U.S. consumers cut their collective household debt by $18 billion last quarter. While the nation pulled back on mortgages, borrowers took $30 billion in new auto loans—the biggest increase of any type of debt, according to data from the Federal Reserve Bank of New York (PDF). Although the rise in auto lending could raise a red flag, particularly for loans to subprime borrowers, a deeper look at the data shows that we are far from bubble territory.

Four economists at the New York Fed took a deep dive into auto loans a year ago and found that there wasn’t a “disproportionate or unusual volume of new loans being issued to riskier borrowers.” As we reported last week, it was unlikely that the trend was going to change significantly in the past year. The data reported by the New York Fed isn’t adjusted for inflation. Taking inflation into account, even with the recent growth the new data show the market is still below levels typical before the bubble of the mid-Aughts.

Subprime auto loans have grown relatively quickly in the past few years, largely because it crashed so hard during the Great Recession.

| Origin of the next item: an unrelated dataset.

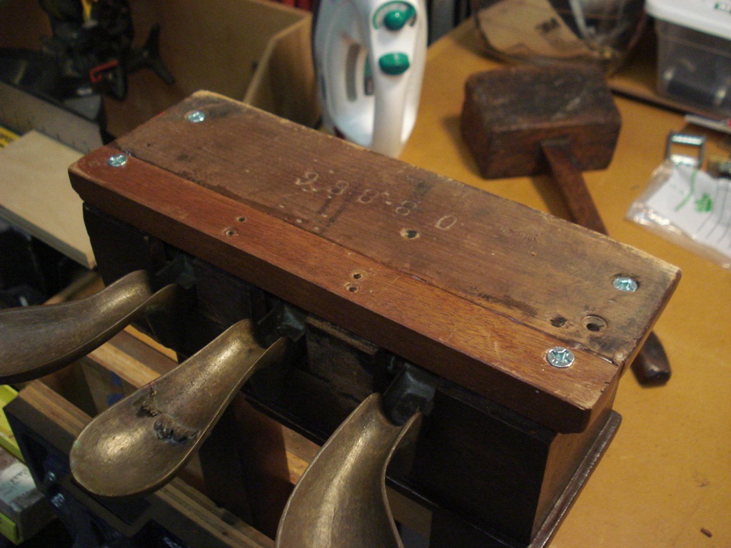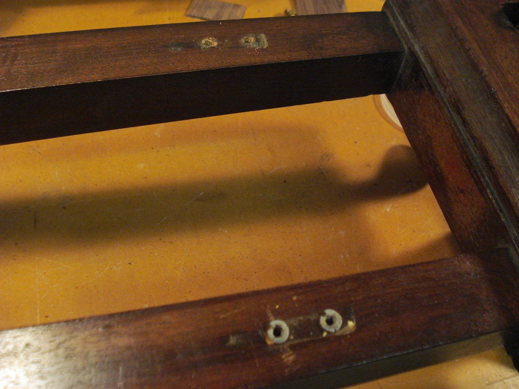 Right Pic – Going to dowel the pedal support holes on the back. Notice the plastic screw expanders in the holes on the near side. Interesting idea, but NO, gonna dowel those holes, then re-drill
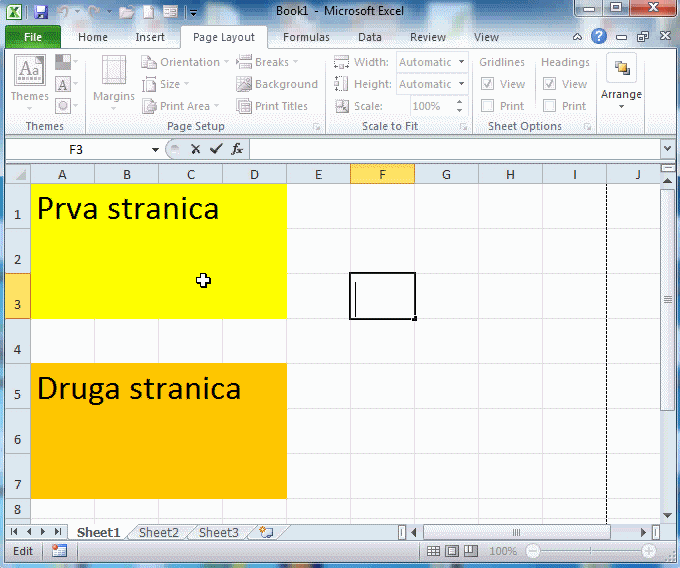 User can add new page /PAGE BREAK/. On screen, it is seen in shape of dashed line for ROW, and on printer it is a sign for break line.

But overall subprime loans now make up 22 percent of new auto lending, compared with the roughly 28 percent share on average from 2000 to 2004.

Beyond market share, lending to subprime borrowers (with or without inflation) is still below normal levels from before the last credit bubble.

A report this week from Moody’s Analytics found that delinquency rates for subprime loans have “improved to below pre-recession levels.” Last year saw subprime borrowers default more than in 2011 and 2012, but the rate has since fallen. “Nonetheless, it is an area that lenders will want to watch,” Moody’s said, “not only to avoid public scrutiny but to insure they are being compensated appropriately for the risks they are taking.”

Just because there’s no bubble doesn’t mean everything’s OK. There are plenty of examples of unsavory, if not likely predatory, subprime auto lending. We shouldn’t have to flag something as a bubble to bring, as Moody’s might say, “public scrutiny” to the market.